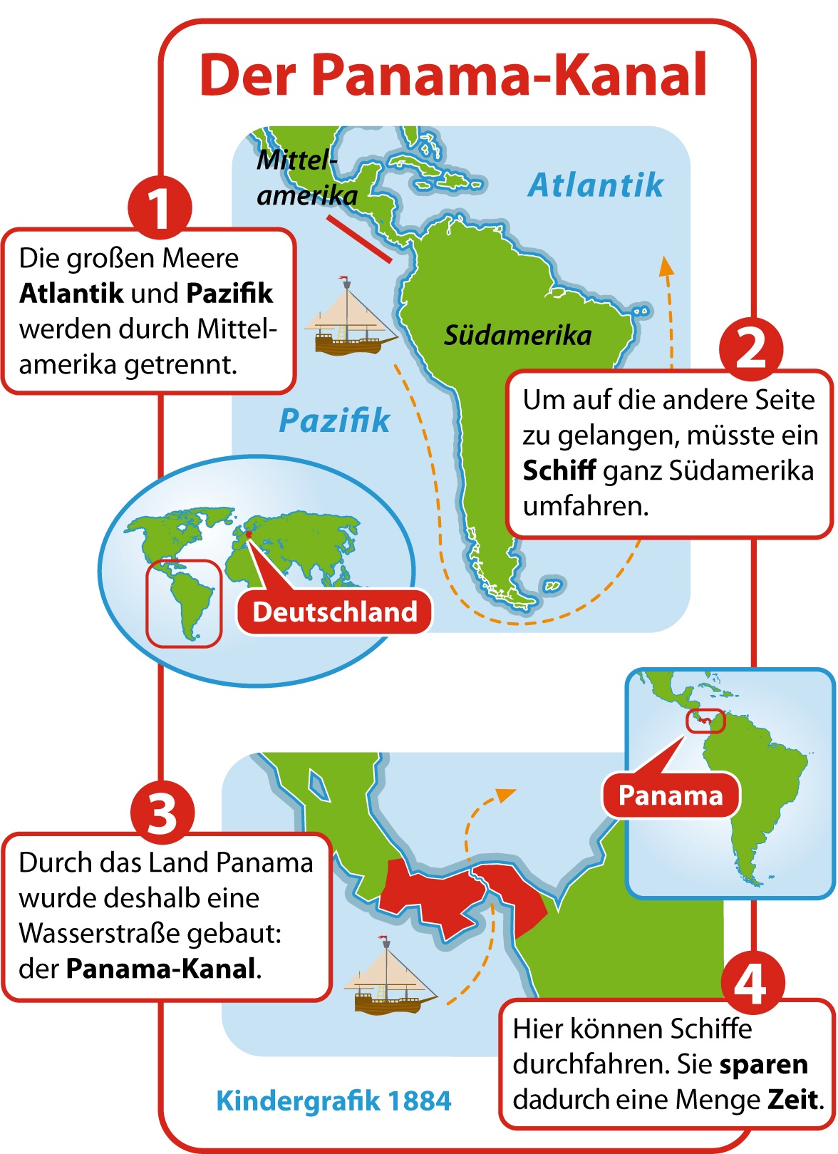 „Damit erfüllte sich ein Jahrhunderte alter Menschheits-Traum“, sagt der Geschichts-Experte Holger Meding. Denn schon seit rund 400 Jahren hatten Seeleute, Herrscher und Forscher vom Kanal durch Mittelamerika geträumt. Unter anderem um Waren besser mit Schiffen transportieren zu können. So mussten sie mit ihren Schiffen nicht mehr einen weiten Umweg um ganz Südamerika fahren, sondern konnten den Panama-Kanal als Abkürzung nutzen. Das sparte jede Menge Zeit und Geld!
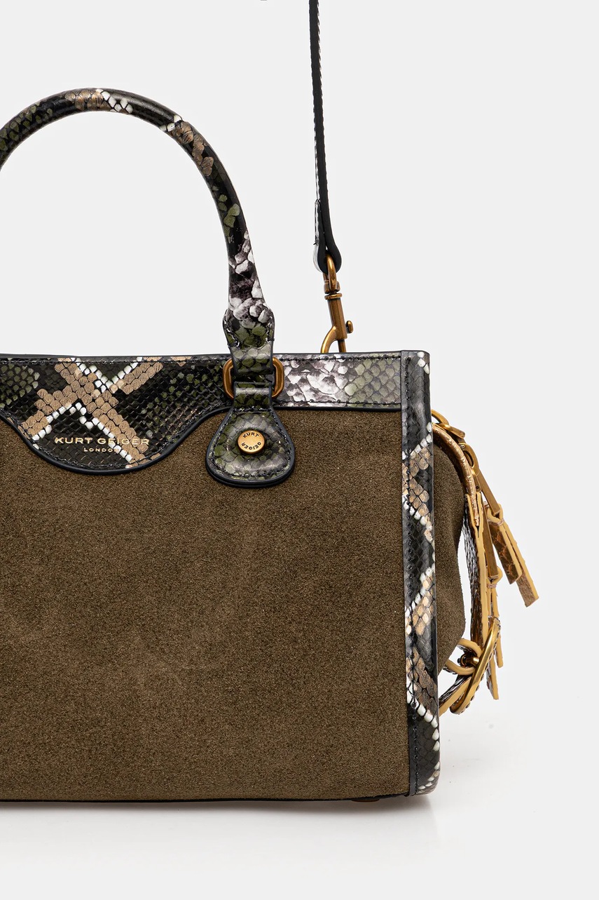 Poșetă de mărime medie din colecția Kurt Geiger London. Model cu nasturi model confecționat din combinație de piele întoarsă și piele naturală.
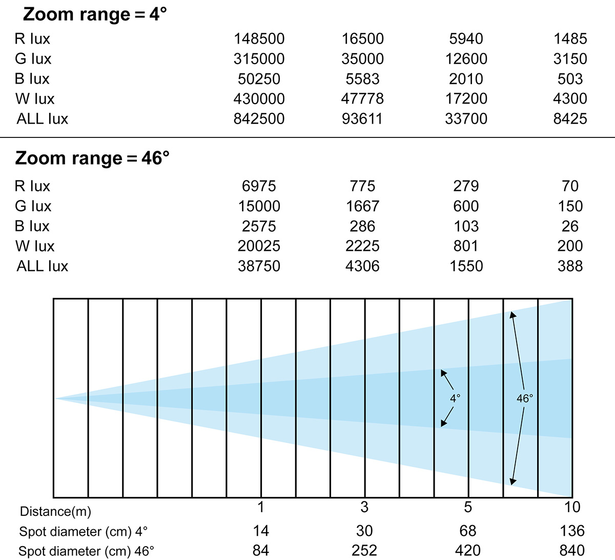 Features: Full light range dimming, 65536-level dimming accuracy. fast strobe 1- 25Hz. Single control of the LED. three-in-one effects of wash, beam, and bee eye. preset multiple color macro and effect functions
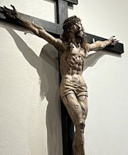 A 19th century wooden crucifix mounted on the wall
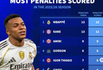 姆巴佩13罚12中居首;凯恩13罚11中排名第二;阿米里9罚9中排第三
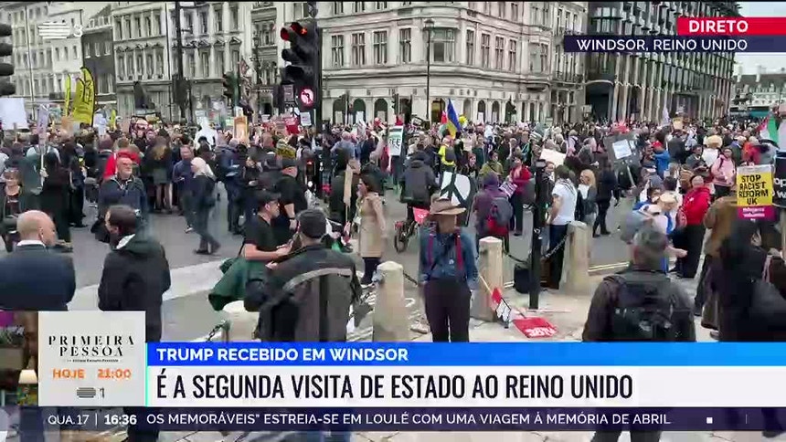 “Os migrantes são bem-vindos, Trump não é bem-vindo”, “Não ao racismo, não a Trump”, “Bombardear crianças em Gaza e festejar no Reino Unido”, pode ler-se nalguns cartazes.
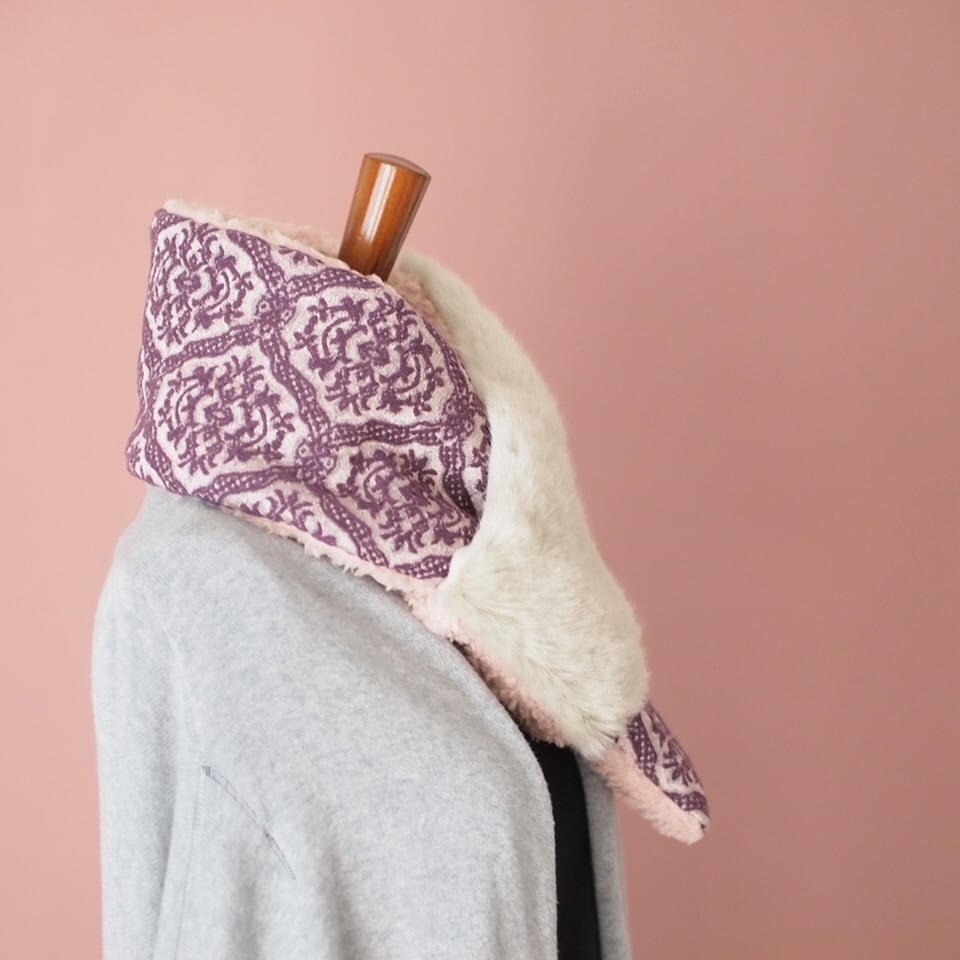 【受注製作】ダマスク柄×ふわふわフラッフィーファー マフラー 中綿入り
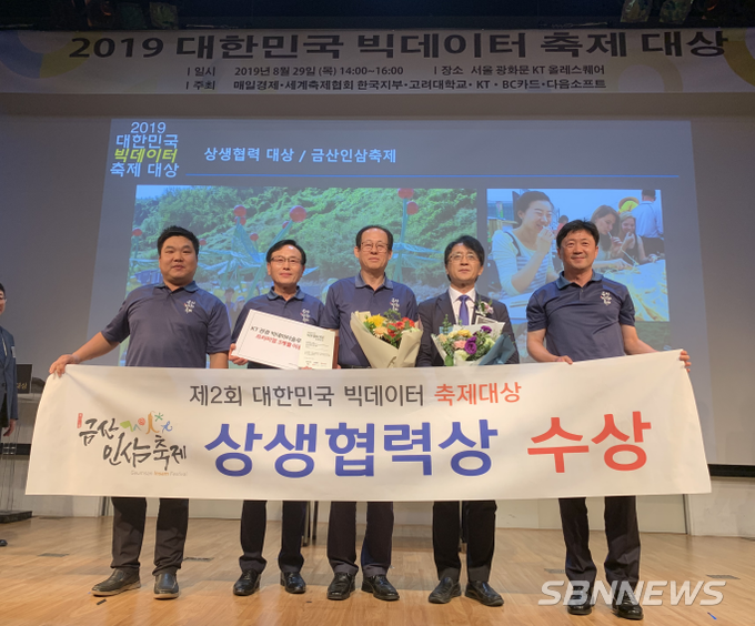 [sbn뉴스=금산] 김호진 기자 = 지난 29일, 서울 광화문 KT 올레 스퀘어에서 개최한 ‘제2회 대한민국 빅데이터 축제대상’에서 금산인삼축제가 ‘상생협력대상’을 수상하는 쾌거를 이뤘다.
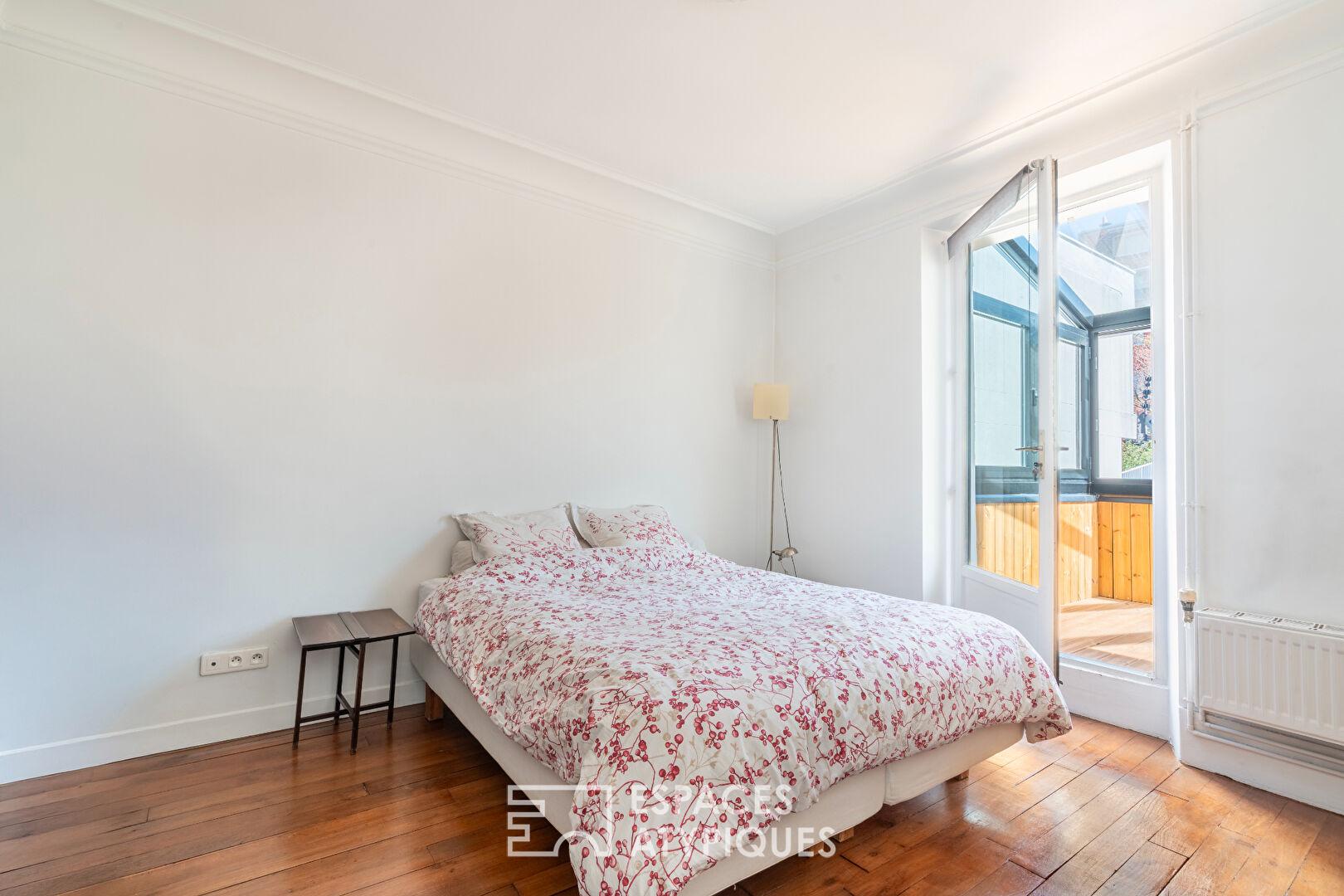 À l’étage, desservi par un escalier d’époque, deux chambres de 13 m² prennent place aux côtés d’une salle de bains avec douche et toilettes. Une véranda prolonge les perspectives et capte la lumière au fil de la journée.
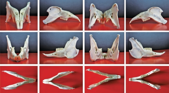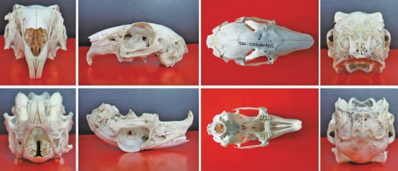 ●头骨鉴别颅骨上面弧度较为明显,上颌骨两侧具有明显的骨质网状构造,鼻骨向后扩大,有眶上突,颧骨略为伸出鳞骨突后方。眼眶近乎垂直,两眼各朝向外侧,因而视野较广。额骨在眶间略为凹陷。门齿孔很大,与腭孔汇合。硬腭主要由上颌骨构成,呈一狭窄骨桥。听泡小,长不到颅长的16 %,内无海绵状组织,外耳道管状。颊齿列外侧呈弧形,最后上臼齿很小,门齿四周均被以珐琅质,第1对上门齿齿端切缘各有2个不甚明显的弧形齿突,正面看4个齿突均在或几乎在同一直线上。下颌骨后部甚为发达;髁突和隅突较大,冠状突退化(图2-141~图2-143)。
..........
Return to the listing above and set it down exactly, leaving out its pictures.

 „Damit erfüllte sich ein Jahrhunderte alter Menschheits-Traum“, sagt der Geschichts-Experte Holger Meding. Denn schon seit rund 400 Jahren hatten Seeleute, Herrscher und Forscher vom Kanal durch Mittelamerika geträumt. Unter anderem um Waren besser mit Schiffen transportieren zu können. So mussten sie mit ihren Schiffen nicht mehr einen weiten Umweg um ganz Südamerika fahren, sondern konnten den Panama-Kanal als Abkürzung nutzen. Das sparte jede Menge Zeit und Geld!
 Poșetă de mărime medie din colecția Kurt Geiger London. Model cu nasturi model confecționat din combinație de piele întoarsă și piele naturală.
 Features: Full light range dimming, 65536-level dimming accuracy. fast strobe 1- 25Hz. Single control of the LED. three-in-one effects of wash, beam, and bee eye. preset multiple color macro and effect functions
 A 19th century wooden crucifix mounted on the wall
 姆巴佩13罚12中居首;凯恩13罚11中排名第二;阿米里9罚9中排第三
 “Os migrantes são bem-vindos, Trump não é bem-vindo”, “Não ao racismo, não a Trump”, “Bombardear crianças em Gaza e festejar no Reino Unido”, pode ler-se nalguns cartazes.
 【受注製作】ダマスク柄×ふわふわフラッフィーファー マフラー 中綿入り
 [sbn뉴스=금산] 김호진 기자 = 지난 29일, 서울 광화문 KT 올레 스퀘어에서 개최한 ‘제2회 대한민국 빅데이터 축제대상’에서 금산인삼축제가 ‘상생협력대상’을 수상하는 쾌거를 이뤘다.
 À l’étage, desservi par un escalier d’époque, deux chambres de 13 m² prennent place aux côtés d’une salle de bains avec douche et toilettes. Une véranda prolonge les perspectives et capte la lumière au fil de la journée.
 ●头骨鉴别颅骨上面弧度较为明显,上颌骨两侧具有明显的骨质网状构造,鼻骨向后扩大,有眶上突,颧骨略为伸出鳞骨突后方。眼眶近乎垂直,两眼各朝向外侧,因而视野较广。额骨在眶间略为凹陷。门齿孔很大,与腭孔汇合。硬腭主要由上颌骨构成,呈一狭窄骨桥。听泡小,长不到颅长的16 %,内无海绵状组织,外耳道管状。颊齿列外侧呈弧形,最后上臼齿很小,门齿四周均被以珐琅质,第1对上门齿齿端切缘各有2个不甚明显的弧形齿突,正面看4个齿突均在或几乎在同一直线上。下颌骨后部甚为发达;髁突和隅突较大,冠状突退化(图2-141~图2-143)。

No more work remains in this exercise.